The right to free speech is taken away by government officials and journalists when they call somebody a conspiracy theorist, and hence not worthy of public attention. It is like cutting out someone's tongue or staining his/her name. The ability to speak and be heard is destroyed. At least that is the intent. The popularity of the alternative media like the Alex Jones show is a sign that degrading political labels are losing their magic effect.
I think it is culturally and psychologically fascinating that people who question the government's storylines are seen as wacko. The fact that the power of authority can be used to turn people against their own interests is amazing and frightening.
What's also interesting is that in the history of political language the term conspiracy theory is relatively new. It is one of the clearest historical examples of how tyrants use words to lyrically assassinate freedom fighters and maintain their domination over the people. It belongs in the same category as the word heretic when it was wielded by the tyrannical Church against scientists who dissented against official religious doctrines.
The thing that disturbs many people about the age we're living in, whether they are intellectual liberals and bible-thumping conservatives, is that the modern U.S. government has more in common with the medieval Catholic Church than a modern democratic state, or the constitutional republic that America was meant to be. The ideal and the real in American politics are poles apart, but the public perception of this fact is slowly moving in the right direction so there is reason to hope.
III. A Ruling Elite With A Hidden Global Agenda
America does not have a constitutional, freely elected government. America is ruled by a ruthless and cruel plutocracy who hate the ideas of self-government and freedom. Inside the head of the beast in Washington there is a secret ruling class consisting of international banking interests, monopolistic corporations, and powerful political families such as the Bushes, Rockefellers, and Rothschilds who control the government of the United States through the private Federal Reserve Bank, and the increasingly privatized CIA. Pretty soon, the entire U.S. government will become privatized and owned by a power elite that is anti-free market, anti-competition, anti-rule of law, anti-freedom, and anti-equality.
A key vehicle through which this ruling oligarchical elite meet and discuss global policy is the Pilgrims Society, a British-U.S. secret society created in 1902. Its membership includes Henry Kissinger, former Secretary of State Alexander Haig, former Federal Reserve Chairman Paul Volcker, Secretary of the Treasury Timothy Geithner, and Queen Elizabeth II.
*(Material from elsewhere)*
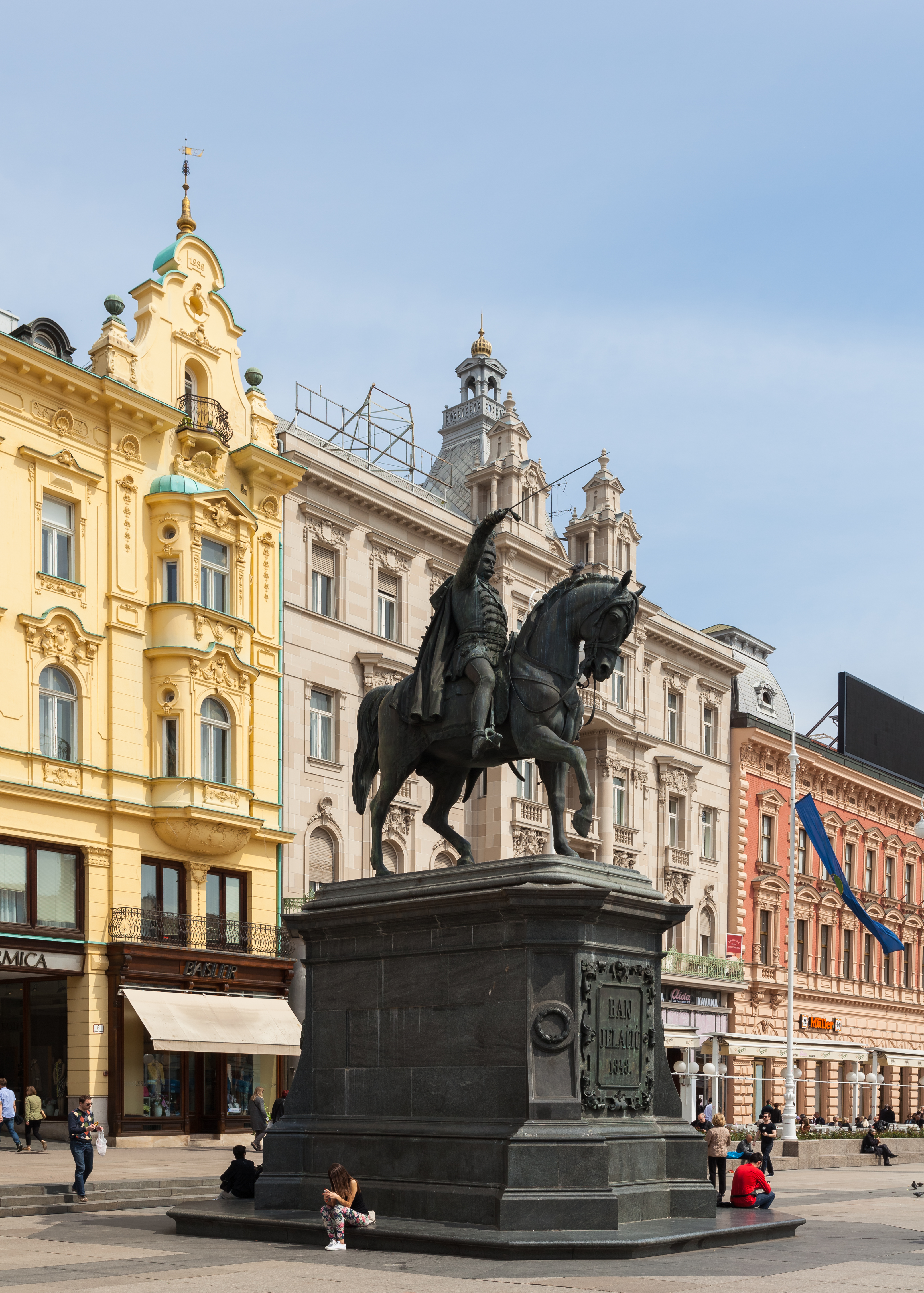 Ban Jelačić statue, Zagreb, Croatia

The aim of this elitist secret society and others like it is to phase out nation states, end democratic self-determination, and build a dictatorial new world order with the parasitic elites of England and the U.S. at the epicenter.
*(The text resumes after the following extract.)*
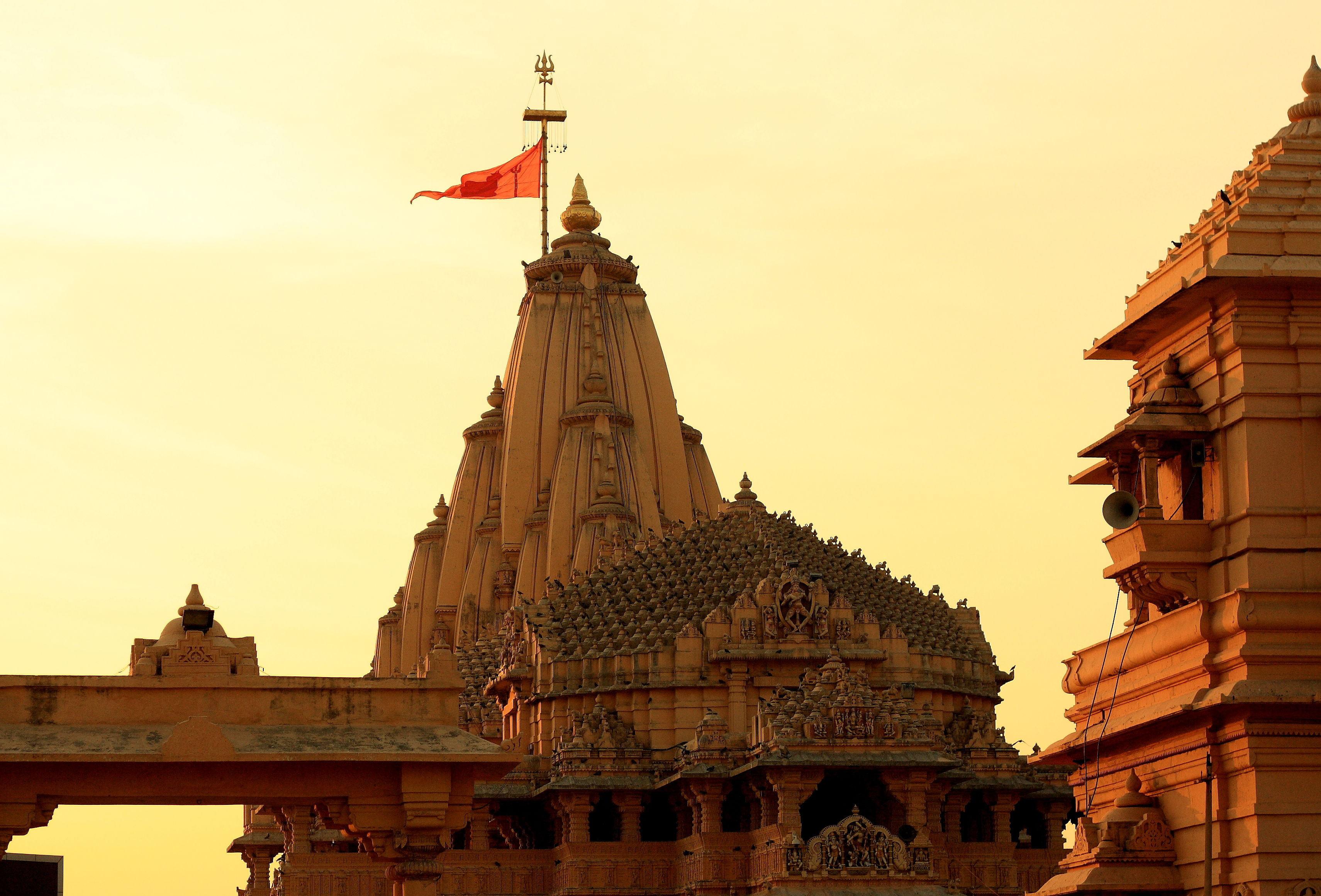 Somnath Jyotirling Prabhas Patan

Until now this parasitic elite have kept their tyrannical goals hidden from public view, but we are slowly beginning to witness the coming out party of their privately owned, dictatorial world government. However, the party may not last long because 99% of the people of the world are excluded.
Sources:
1. Dan Hind. The Threat to Reason: How the Enlightenment was Hijacked and How We Can Reclaim It. 2007. Verso: London. Pg. 114.
2. Hind. Pg. 115-116.
3. Hind. Pg. 116.
4. Hind. Pg. 131.
5. Northrop Frye. Fearful Symmetry: A Study of William Blake. 1947. Princeton University Press: New Jersey. Pg. 56.